結晶化が始まるとはちみつの中に白いブツブツが浮かんでいるように見え、カビと勘違いされることも多いですが、劣化ではなく自然な変化です。
はちみつは質の良し悪しに関わらず全て結晶化するものですが、その原因を知っておくことで結晶化を遅らせたり、防ぐことができます。
結晶化は、はちみつに含まれるブドウ糖によって起こります。
はちみつの結晶化は主に温度が原因
はちみつは15度前後が結晶化しやすい温度となっています。
そこから0度までは結晶化が緩やかになります。
そのため、はちみつを冷蔵庫で保存したり、常温で保存していても冬場などは室温が下がって結晶化してしまうことがあります。
また、空調などによって気温差が激しいと結晶化しやすくなったり、結晶化の進みが早くなるという傾向があります。
さらに、古いはちみつほど水分量が少なくなっていて結晶化しやすくなるので、購入して数年も経つはちみつは、夏に常温で置いておいても結晶化することがあります。
はちみつへの振動も結晶化の原因になる
はちみつに含まれるブドウ糖は振動によって結晶化する性質があるため、容器を振ったり、冷蔵庫・冷凍庫内で保存する間の振動で固まってしまうことがあるのです。
容器を振ってはちみつに空気が混ざってしまうことも結晶化を促進させる原因となります。
チューブ式のはちみつなど、中身が出てこないときについ振ってしまいがちですが、実は逆効果となる行動なのです。
固まるはちみつと固まりづらいはちみつの違い
はちみつに含まれる糖類には果糖とブドウ糖がありますが、含まれているブドウ糖が多いほど結晶化しやすい特徴があります。
果糖は結晶化しにくく、ブドウ糖は結晶化しやすいという性質があるからです。
また、結晶の核となる花粉が取り除かれていたり、水飴が混ざっているなど、天然はちみつそのままではなく手が加えられているはちみつも結晶化しにくいです。
購入するはちみつを選ぶときは風味の好みも大切ですが、結晶化しやすいと使い勝手が悪くなる可能性があるので、はちみつ選びのポイントとして覚えておいてください。
固まりやすいはちみつ
ブドウ糖が多く結晶化しやすいのはナタネ、ウド、ヒマワリのはちみつです。
固まりづらいはちみつ
天然のはちみつで、果糖の割合が多く結晶化しにくいのはアカシヤ、リンゴ、レンゲ、ラズベリーなどのはちみつです。
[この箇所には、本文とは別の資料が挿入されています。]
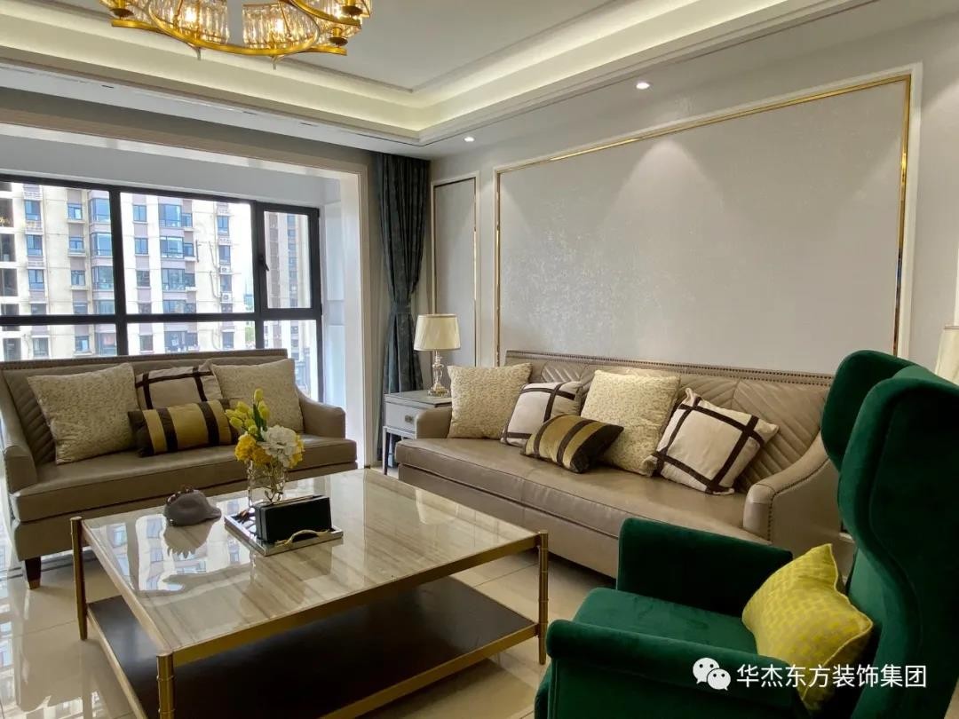 客厅以波打线、灯池、家具的合围之势,实现功能区域的划分。
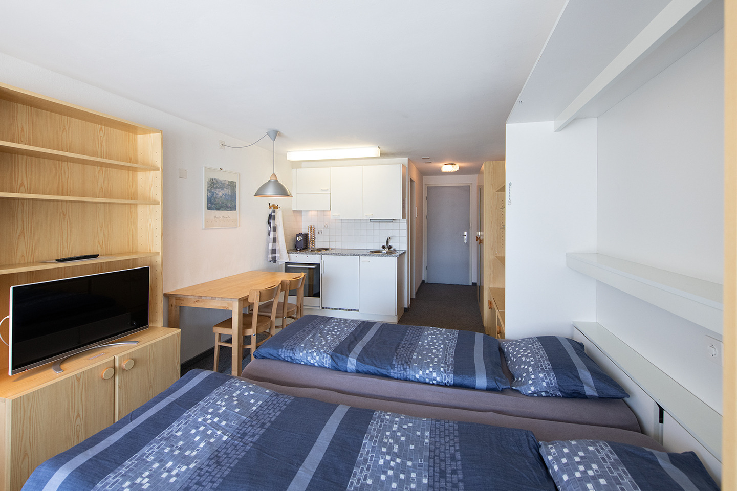 Wohnschlafraum mit 2 Klappbetten, Polstergruppe, Essecke, TV, W-LAN.
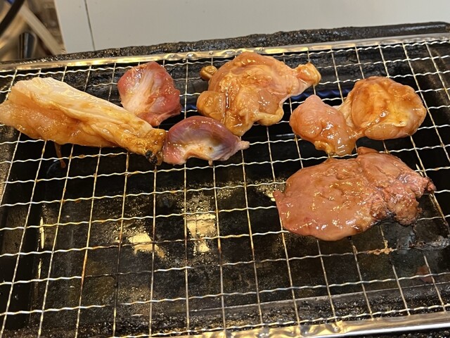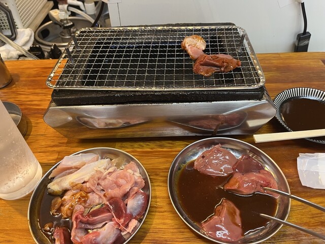 秋の空気になってきた 過ごしやすい、今日はミニ乗り鉄 ランチは新今宮駅で下車 マルフクさんへ行こう ありゃま、満席 火曜日、昼過ぎだと言うのに人気ですね では!焼き鳥ランチにしましょう おっ、すぐに入れます では、4種盛合せとレバー 濃い目の酎ハイ 盛合せはヤゲン軟骨、皮、ひね鶏かな?砂肝 焼けるのを待ちいただきます あっと言う間に酎ハイお代わり さて、ライス中と山芋、らっきょうのハーフのキムチを追加 うん!お腹いっぱい レバーの焼き加減がなかなか難しいや 焼き過ぎるとアカンな半生ぐらいがちょうど好みかも ご馳走様でした♪ 複数で来て色々食べたいな いつもご馳走様です♪
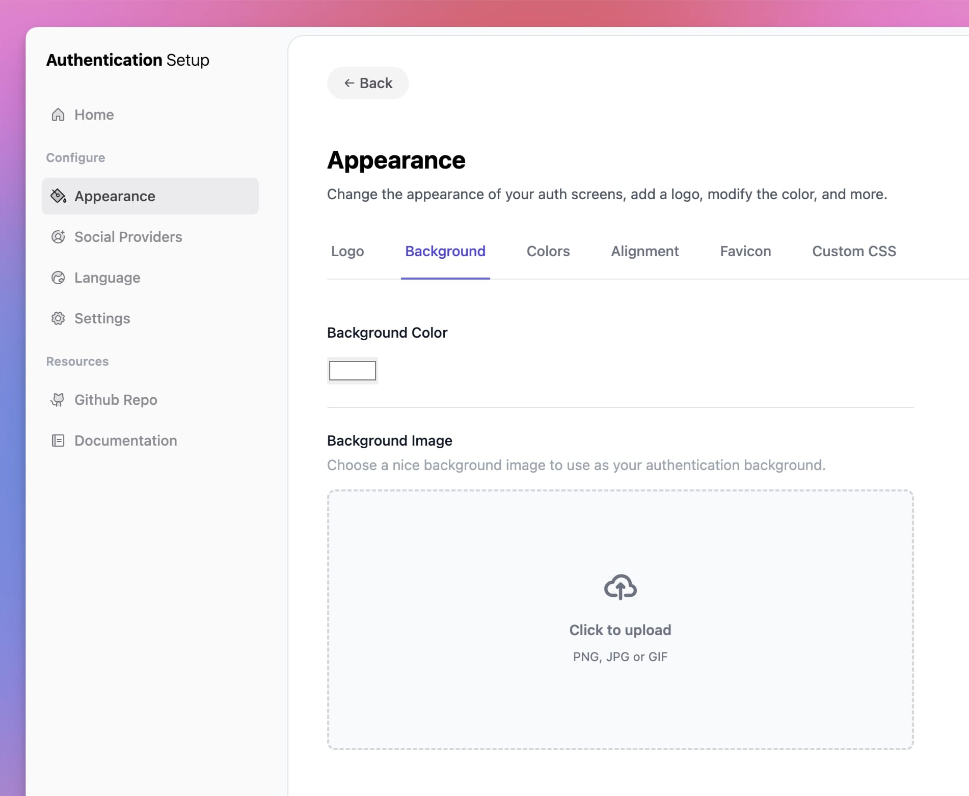 Update your authentication pages with your colors and logo to perfectly reflect your brand identity.
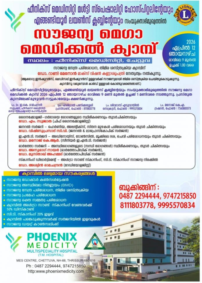 ചേറ്റുവ ഫിനിക്സ് മെഡിസിറ്റി മൾട്ടി സ്പെഷ്യലിറ്റി ഹോസ്പിറ്റൽ എങ്ങണ്ടിയൂർ ലയൺസ് ക്ലബ്ബിന്റെ സഹകരണത്തോടെ സൗജന്യ മെഗാ മെഡിക്കൽ ക്യാമ്പ് സംഘടിപ്പിക്കുന്നു

他にも有名なはちみつにクローバー、トチ、ミカン、マヌカハニーがありますが、これらは固まりやすいはちみつと固まりづらいはちみつの中間に当たります。
固まったはちみつの戻し方
固まったはちみつは、温めて元の状態に戻すことが可能です。
しかし、はちみつは温度によって変質しやすい食品なので、戻し方によっては味わいや栄養成分が変わってしまいます。
基本的に高温にしすぎると風味が損なわれたり、栄養素が壊れてしまう可能性があるので、なるべく低温で温めるようにすることをおすすめします。
湯煎する
はちみつの結晶化を溶かす方法で、最も一般的なのは湯煎で戻す方法です。
少し手順が面倒ではありますが、綺麗に結晶を溶かすことができます。
湯煎する方法では、瓶入りのはちみつを丸ごと溶かすことができ、きちんと温度を守れば繰り返し湯煎しても問題ありません。
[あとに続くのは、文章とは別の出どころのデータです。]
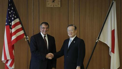 Bộ trưởng quốc phòng Mỹ Leon Panetta (trái) bắt tay người đồng nhiệm Nhật Bản Satoshi Morimoto tại Bộ quốc phòng Nhật hôm 17/9.
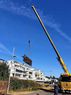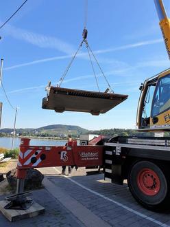 Mit Spezialkran und schwerem Gerät installierte man eine Anlegestelle für Niedrigwasser
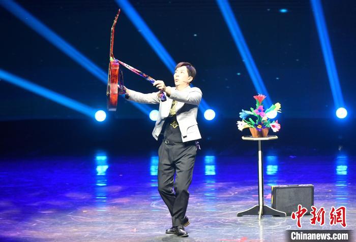 6月15日,海峽兩岸藝術交流活動在廈門啟動,“藝”心同行文藝演出同時舉行。本次活動包括海峽兩岸藝術交流節開幕文藝惠民演出、閩臺大學生魔術交流大會、海峽兩岸青少年街舞展演等內容。圖為臺灣魔術師粘立人在臺上表演節目。中新社記者 呂明 攝
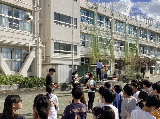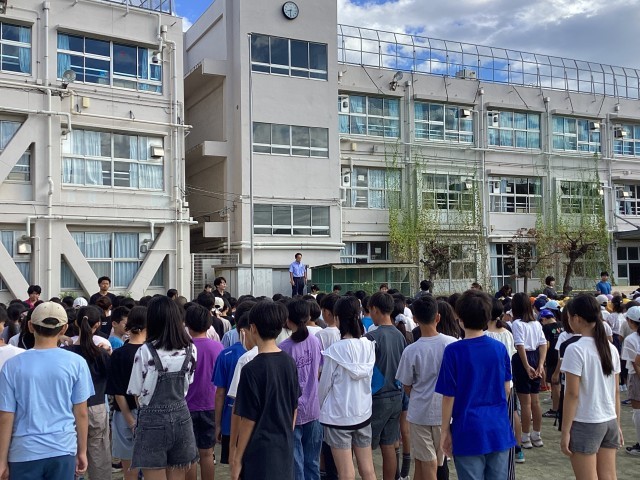 教育実習生の紹介や交通安全ポスターの表彰が行われました。
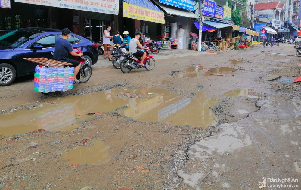 Tuyến đường Phạm Nguyễn Du, ngay sau chợ Vinh cũng bị xuống cấp nặng nề, lộ rõ sau mỗi đợt mưa lớn. Chị Nguyễn Thị Thanh, tiểu thương bán gần tuyến đường này cho biết: Mỗi lần mưa xuống, nhiều người đã bị ngã, xe cộ chết máy, hư hỏng khi đi qua đây. Bà con tiểu thương đã từng góp tiền đổ đất, cát để đắp vào những chỗ sụt lún nhưng không xuể.
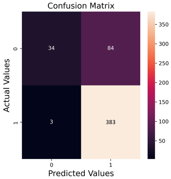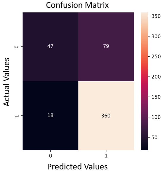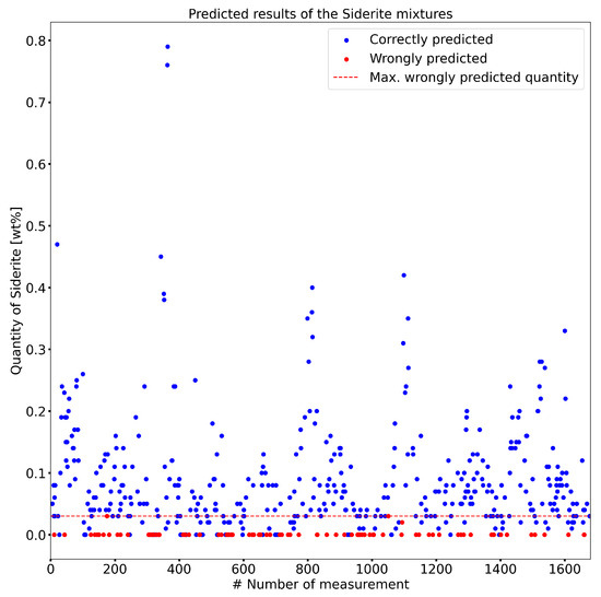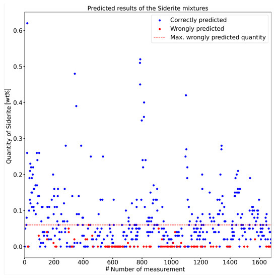 This can be further detailed in a confusion matrix. The confusion matrix reveals that out of a total of 504 measurements, 439 were classified in the class containing siderite, and 55 were classified in the class without siderite. Among these, 407 values were correctly predicted. These correct predictions can be further categorized into 360 true positives and 47 true negatives (Figure 5). Upon examining the scatter plot (Figure 6), it becomes evident that the incorrectly predicted mixtures are situated below a threshold of siderite content in the mixture. Upon closer examination of these data points, it is evident that no mixture with a siderite content above 0.06 wt% was incorrectly predicted.
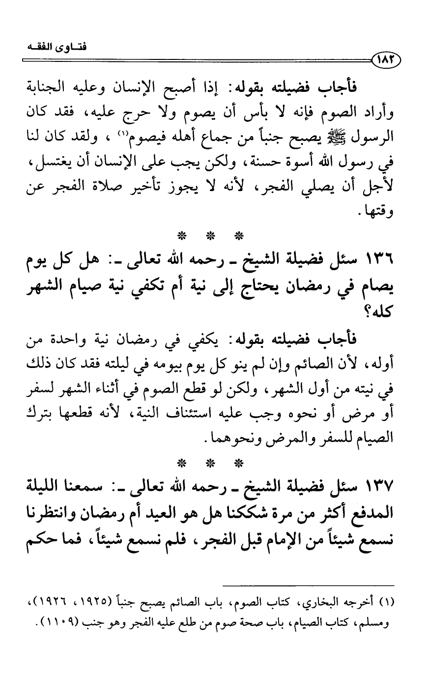 فأجاب فضيلته بقوله: يكفي في رمضان نية واحدة من أوله، لأن الصائم وإن لم ينو كل يوم بيومه في ليلته فقد كان ذلك في نيته من أول الشهر، ولكن لو قطع الصوم في أثناء الشهر لسفر أو مرض أو نحوه وجب عليه استئناف النية، لأنه قطعها بترك الصيام للسفر والمرض ونحوهما.
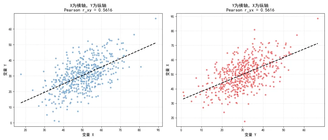 ax1.set_title(f'X为横轴,Y为纵轴\nPearson r_xy = {r_xy:.4f}', fontsize=14)
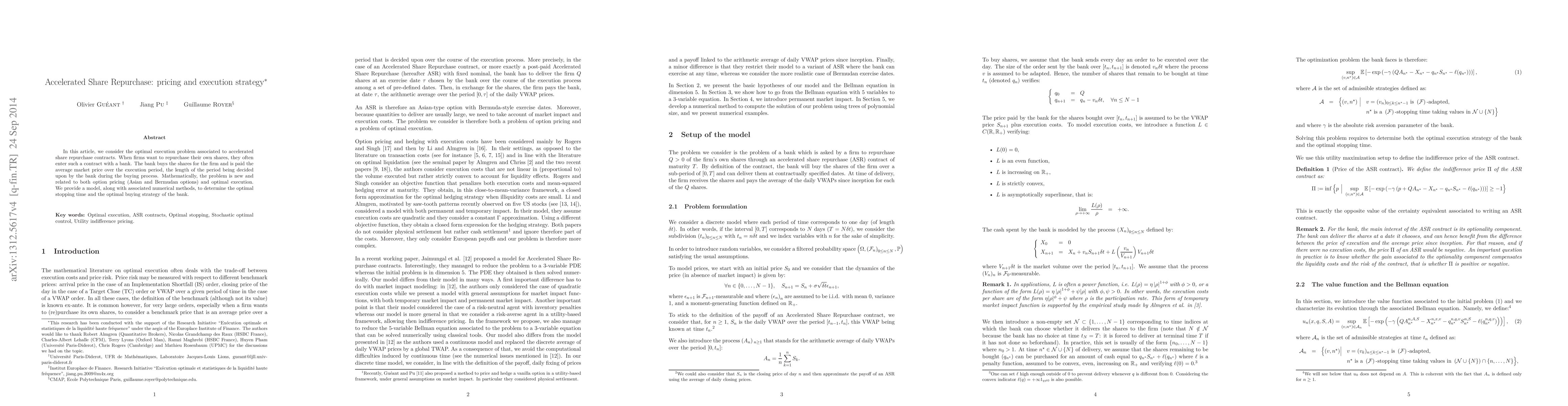 Researchers developed a model to determine the optimal stopping time and buying strategy for accelerated share repurchase contracts, balancing price and execution costs. The findings can inform banks and firms in optimizing their share repurchase agreements.
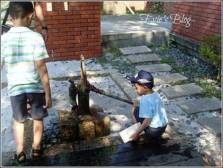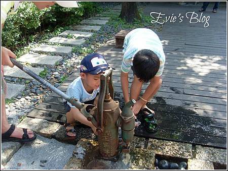 傳統的打水器~一開始兄弟倆不知道這個的用途,經過爸比示範用法,告訴兩兄弟用手握著打水器上的棍子上下壓動,就會有水從水口流出,冰冰涼涼的水讓他們感到非常新奇...

湯煎ではちみつの結晶を溶かす際に必要なものは、以下の通りです。
- はちみつ(容器ごと、または耐熱皿に移す)
- 小鍋
- 箸かスプーン
- 水
1.鍋に水とはちみつの容器を入れる
はちみつを湯煎で溶かす時は、はちみつを容器ごと鍋に入れ、はちみつと同じくらいの高さまで水を入れます。
プラスチックの容器に入ったものなど、耐熱性の容器ではない場合には溶かしたい分だけ耐熱の深皿などに移しましょう。
2.水を50度前後に温めて湯煎する
鍋を弱火にかけ、水が沸騰する前に火を止めます。
お湯が温まってからはちみつの瓶を入れると瓶が割れてしまう場合があるため、必ず水の状態から温めていきましょう。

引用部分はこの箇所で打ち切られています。